--- Extracted data Enclosed Below ---

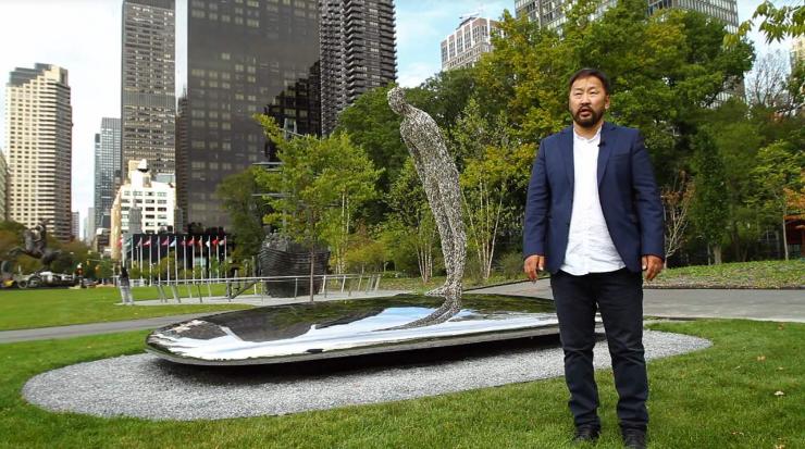 АНУ-ын Нью Йорк хотын НҮБ-ын төв байрны цэцэрлэгт хүрээлэнд сүндэрлэсэн “Ухамсар” хөшөөний дэргэд дурсгалын зураг авахуулсан монголчууд
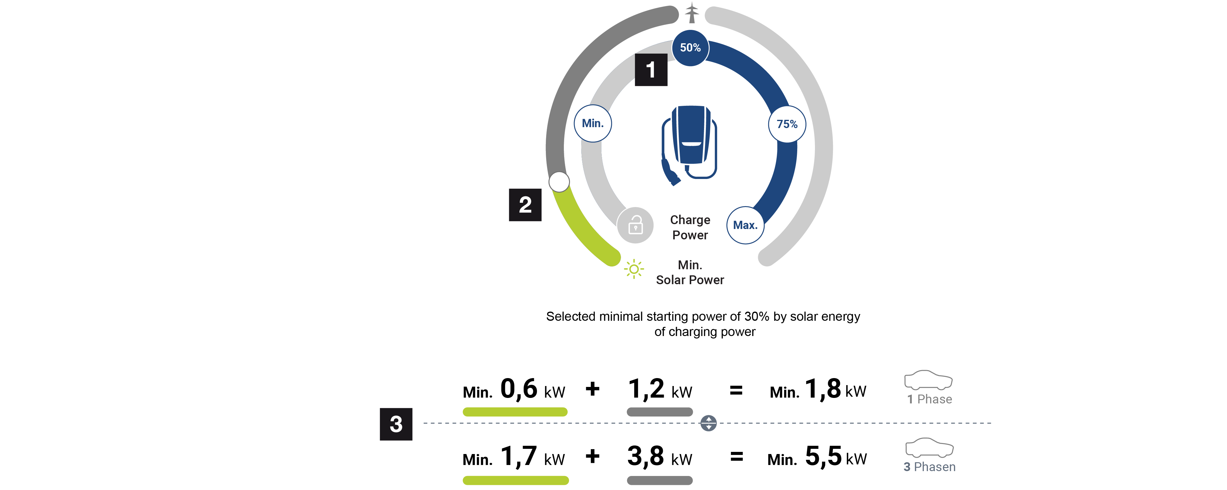 Žemiau pateiktame paveikslėlyje parodyti 1 arba 3 fazių transporto priemonių nustatymai kW. Jei pagaminama daugiau saulės energijos nei nustatyta minimali vertė, energijos tiekimas iš tinklo sumažinamas atitinkama dalimi.
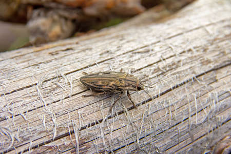 Flatheaded pine borer, chalcophora marina, on old gray wooden surface. Close up. Horizontal view . High quality photo
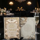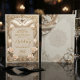 Définissez le ton de votre événement formel en noir-tie avec ce design sophistiqué, présentant des cygnes symétriques et une ornementation classique dans des tons neutres chauds.
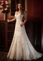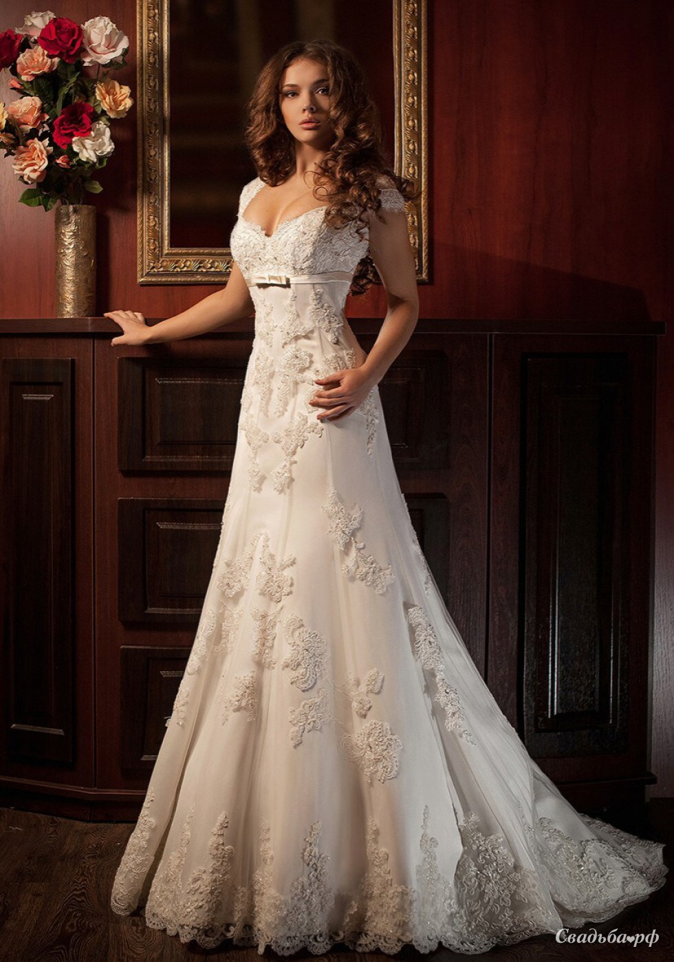 Элегантное свадебное платье, лиф с V-образным вырезом, плечики прикрыты аккуратными широкими лямочками, корсет платья эффектно подчеркивает изгибы фигуры. Наряд декорирован расшитым кружевом. Уточнить информацию возможно по телефону 8(495)930-9970.
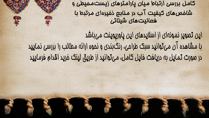 پاورپوینت کامل بررسی ارتباط میان پارامترهای زیستمحیطی و شاخصهای کیفیت آب در منابع ذخیرهای مرتبط با فعالیتهای شیلاتی
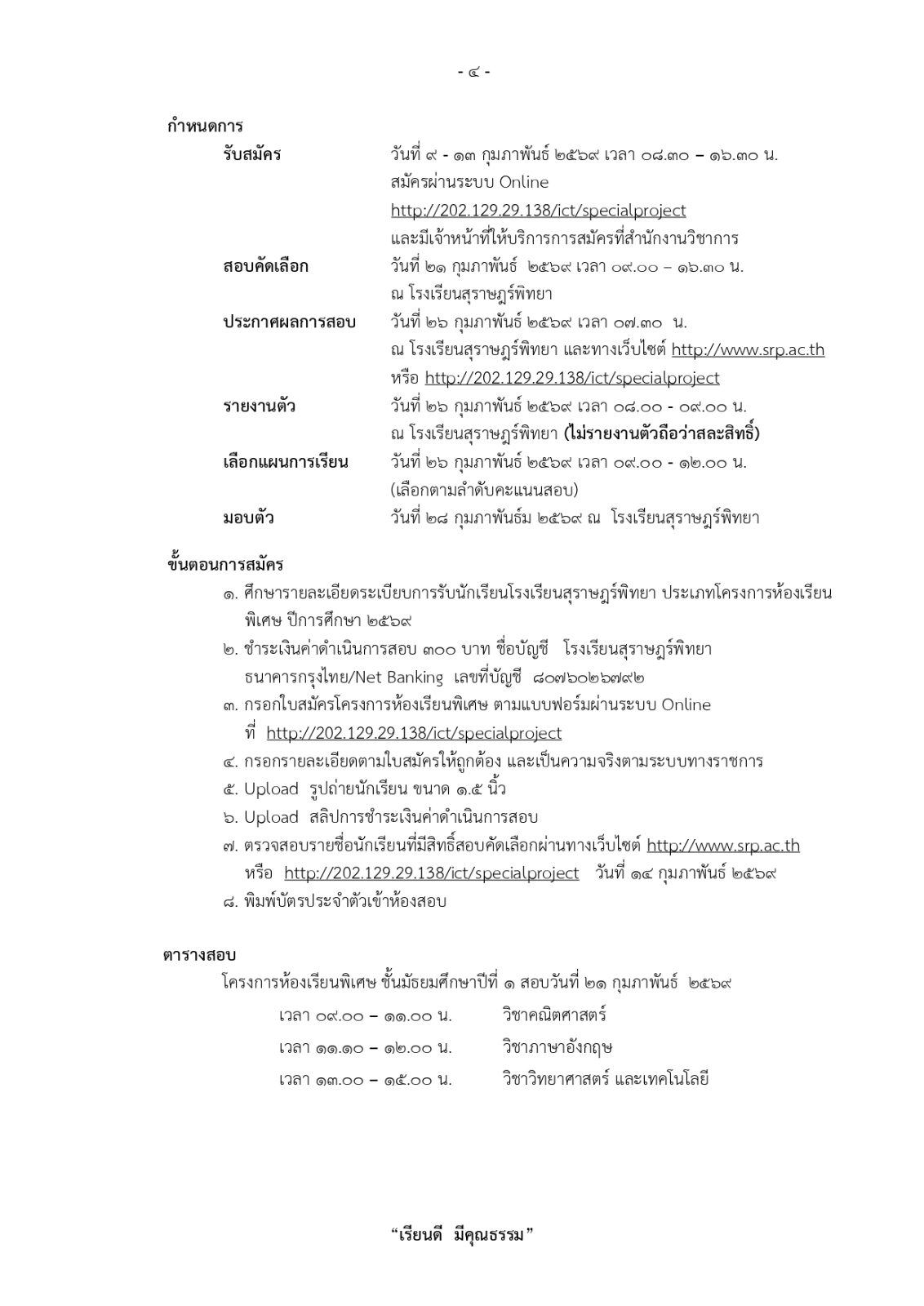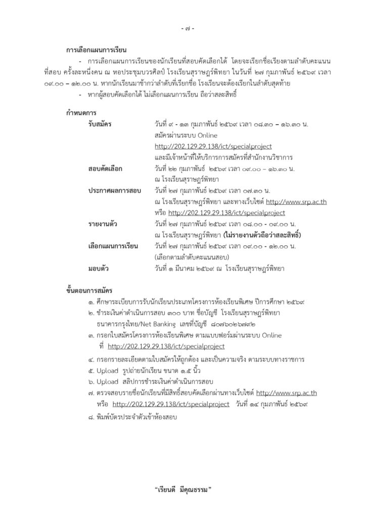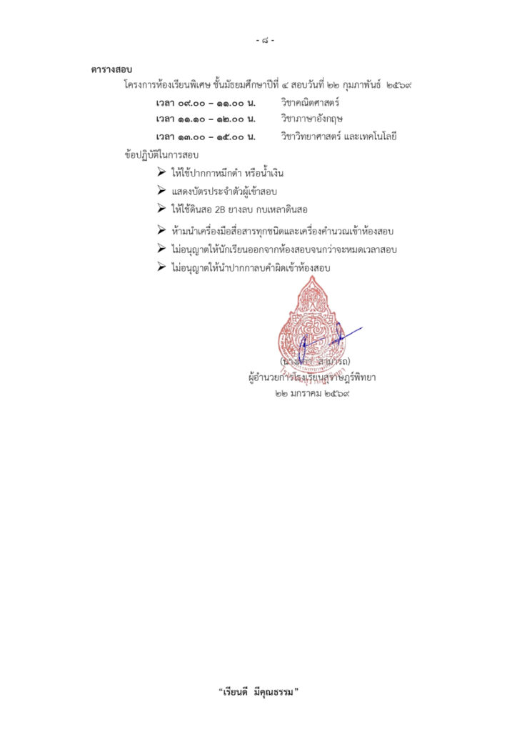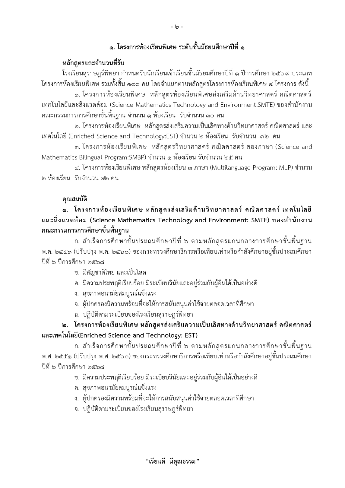 ระเบียบการรับนักเรียนเข้าเรียนต่อ ม.1 และม.4 ปีการศึกษา 2569 ประเภท โครงการห้องเรียนพิเศษ / ข่าวประกาศ, โครงการห้องเรียนพิเศษ / By สุธน ภักดี หมายเหตุ ยกเลิกประกาศฉบับเดิม เนื่องจากเปลี่ยนเวลาประกาศผลทุกประเภทเป็น 07.30 น. Post Views: 12

--- End of Enclosed Extracted data ---

What is being asked> Your answer must be an exact copy of the data above, minus its pictures.

Task output>
 АНУ-ын Нью Йорк хотын НҮБ-ын төв байрны цэцэрлэгт хүрээлэнд сүндэрлэсэн “Ухамсар” хөшөөний дэргэд дурсгалын зураг авахуулсан монголчууд
 Žemiau pateiktame paveikslėlyje parodyti 1 arba 3 fazių transporto priemonių nustatymai kW. Jei pagaminama daugiau saulės energijos nei nustatyta minimali vertė, energijos tiekimas iš tinklo sumažinamas atitinkama dalimi.
 Flatheaded pine borer, chalcophora marina, on old gray wooden surface. Close up. Horizontal view . High quality photo
 Définissez le ton de votre événement formel en noir-tie avec ce design sophistiqué, présentant des cygnes symétriques et une ornementation classique dans des tons neutres chauds.
 Элегантное свадебное платье, лиф с V-образным вырезом, плечики прикрыты аккуратными широкими лямочками, корсет платья эффектно подчеркивает изгибы фигуры. Наряд декорирован расшитым кружевом. Уточнить информацию возможно по телефону 8(495)930-9970.
 پاورپوینت کامل بررسی ارتباط میان پارامترهای زیستمحیطی و شاخصهای کیفیت آب در منابع ذخیرهای مرتبط با فعالیتهای شیلاتی
 ระเบียบการรับนักเรียนเข้าเรียนต่อ ม.1 และม.4 ปีการศึกษา 2569 ประเภท โครงการห้องเรียนพิเศษ / ข่าวประกาศ, โครงการห้องเรียนพิเศษ / By สุธน ภักดี หมายเหตุ ยกเลิกประกาศฉบับเดิม เนื่องจากเปลี่ยนเวลาประกาศผลทุกประเภทเป็น 07.30 น. Post Views: 12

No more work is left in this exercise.